Will multiple fundamental drivers push crude lower, Jeff Greenblatt asks, is the low in crude in?

In case you noticed, the equity markets rallied since Monday but crude oil only decided to turn on Wednesday. In this latest sequence oil dropped to its lowest level since January 2019. Numerous sources have reported oil exporters like Saudi Arabia need $60 as a baseline to at least break even. If that’s the case, the recent sequence has been an unmitigated disaster. Part of the problem is the Coronavirus as China is a major importer of oil.

The problem goes deeper as major companies like Apple (AAPL) said they will need to shut down all stores and corporate offices in China. The Wall Street Journal reported on Feb. 1 the company will shutter all stores and corporate offices until Feb. 9 in response to the Coronavirus.

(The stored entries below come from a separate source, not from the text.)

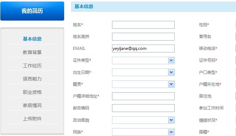 簡(jiǎn)歷申請(qǐng)表分為幾個(gè)部分,建議您一定要填寫的詳細(xì)些,如果沒(méi)有準(zhǔn)備好,就先不要提交申請(qǐng)表,等到全部填寫準(zhǔn)確后再提交;
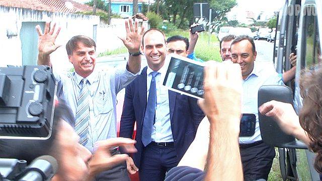 O deputado federal Jair Bolsonaro esteve em Curitiba acompanhado de Fernando Francischini e passou pela Polícia Federal, onde manifestantes faziam ato de apoio à Polícia Federal depois da deflagração da Operação Aletheia.
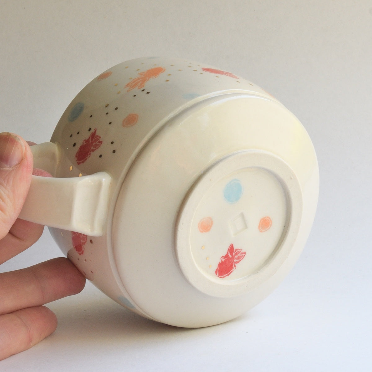 Round porcelain mug, decorated with goldfish in a current of gold lustre dots. 10 cm diameter, 7.5 cm tall, 14 fluid oz capacity.
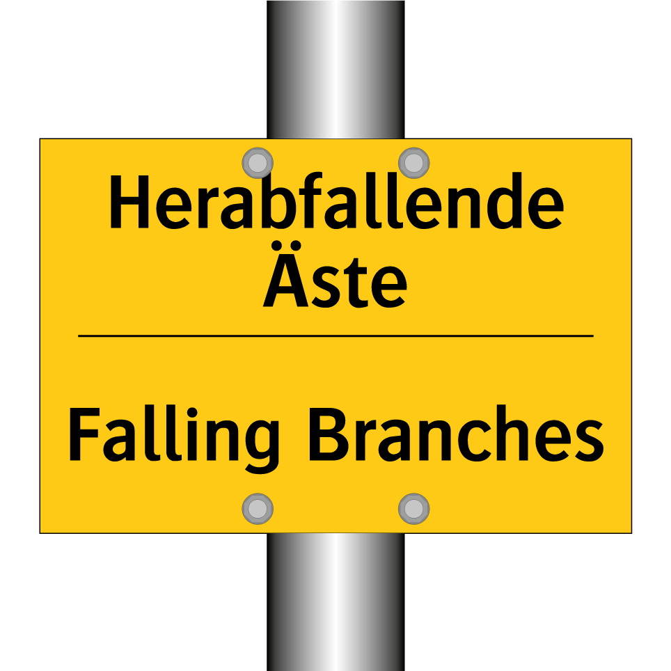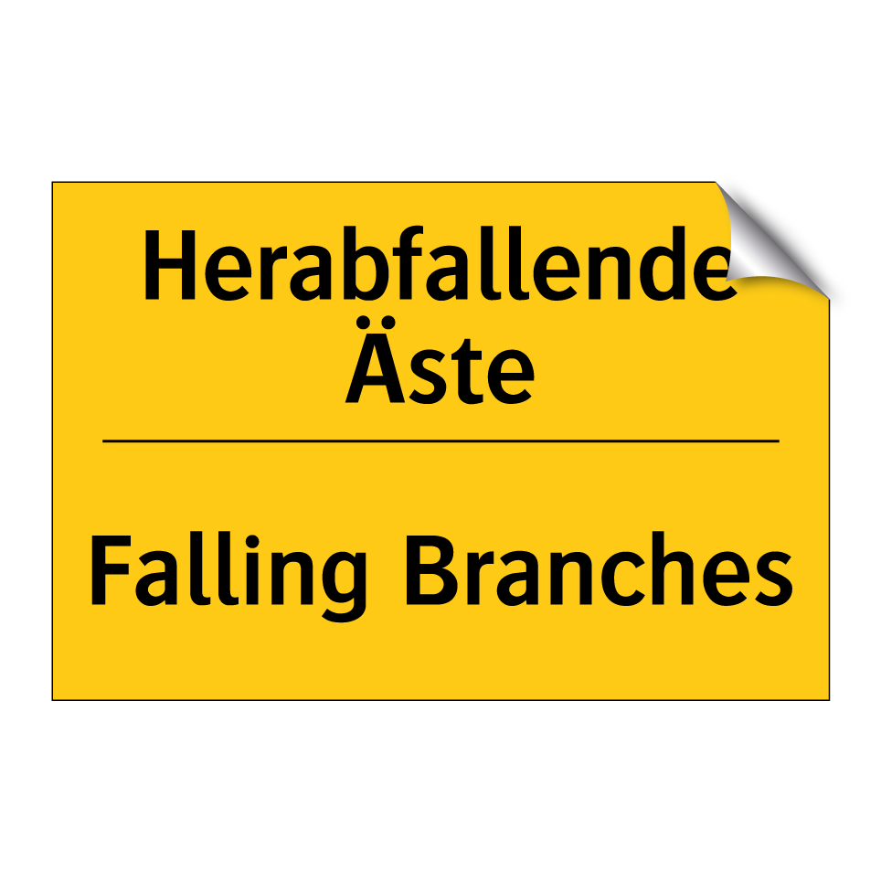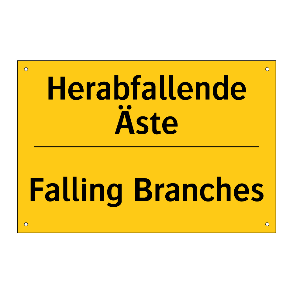 Zweisprachiges Warnschild mit deutschem Text Herabfallende Äste und englischem Text Falling Branches
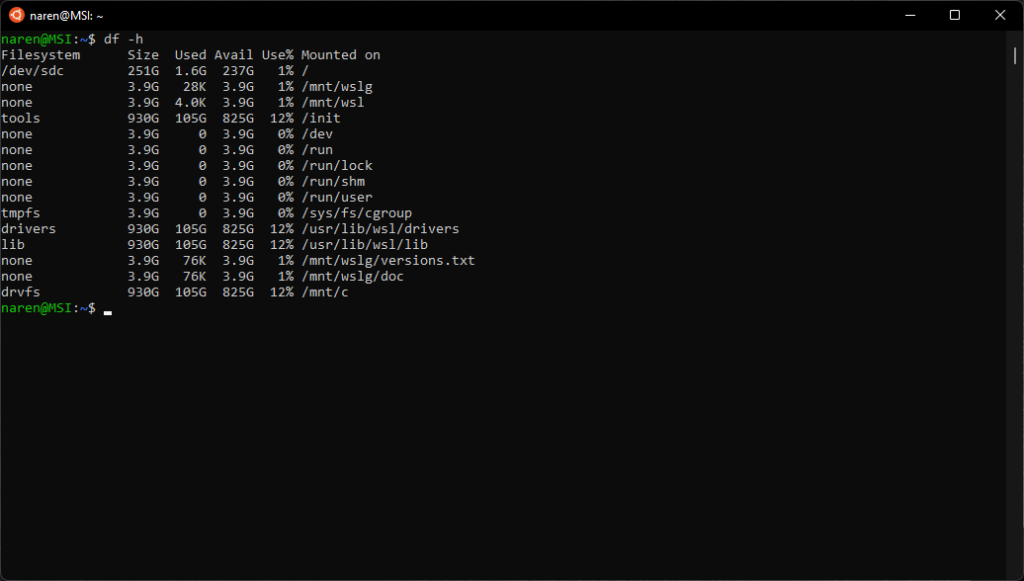 1. You can verify this by running the df -h command to list all disks and their mount points. In this example, we have a single C drive, which is mounted on /mnt/c via DrvFs
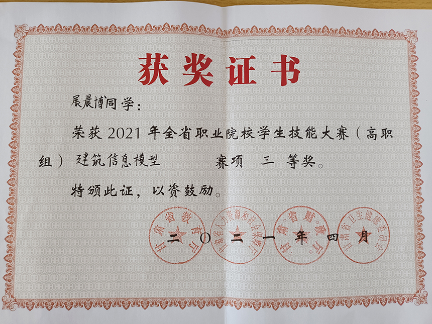 2021年全省職業(yè)院校學(xué)生技能大賽(高職組)建筑信息模式賽項(xiàng)三等獎(jiǎng)
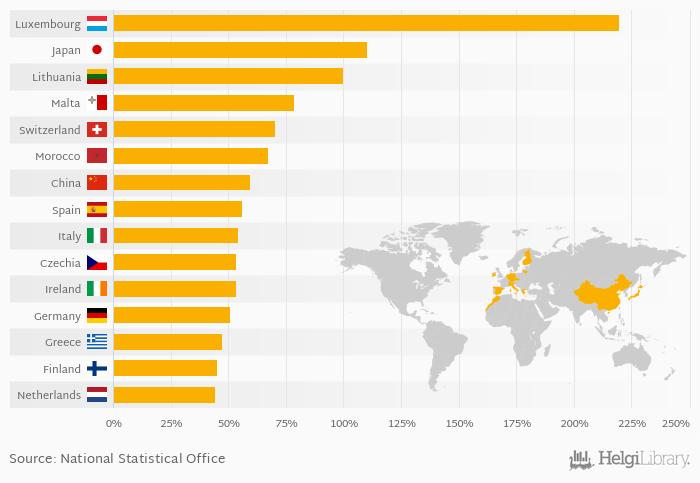 | Luxembourg | % | ... | ... | ... | ... | ... | ... | 185% | 198% | 236% | 220% | ... | ... | ... | ||||||||

According to the same report the Chinese government demanded many factories remain closed through Feb. 10, a week beyond the Lunar New Year celebration. Regarding Apple, it relies on China for about 20% of its sales. As of this writing, AAPL is still trading near its all-time high. The obvious question is at what point does the stock take the big hit?

Apple is not alone. Levi Strauss Co. (LEVI) opened a store in Wuhan which is three stories tall and over 7,500 square feet, making it the largest Levi’s store in the country. Reuters reported several days ago the company closed half of its stores in China due to the virus. Starbucks (SBUX) and Tesla are also warning about financial hits. Tesla (TLSA) has had to keep their Shanghai factory closed and product scheduled for early February delivery has been delayed. SBUX has gapped down during this virus sequence but LEVI has not. TSLA hit an all-time high this week and is down more than 22% since it peaked on Tuesday.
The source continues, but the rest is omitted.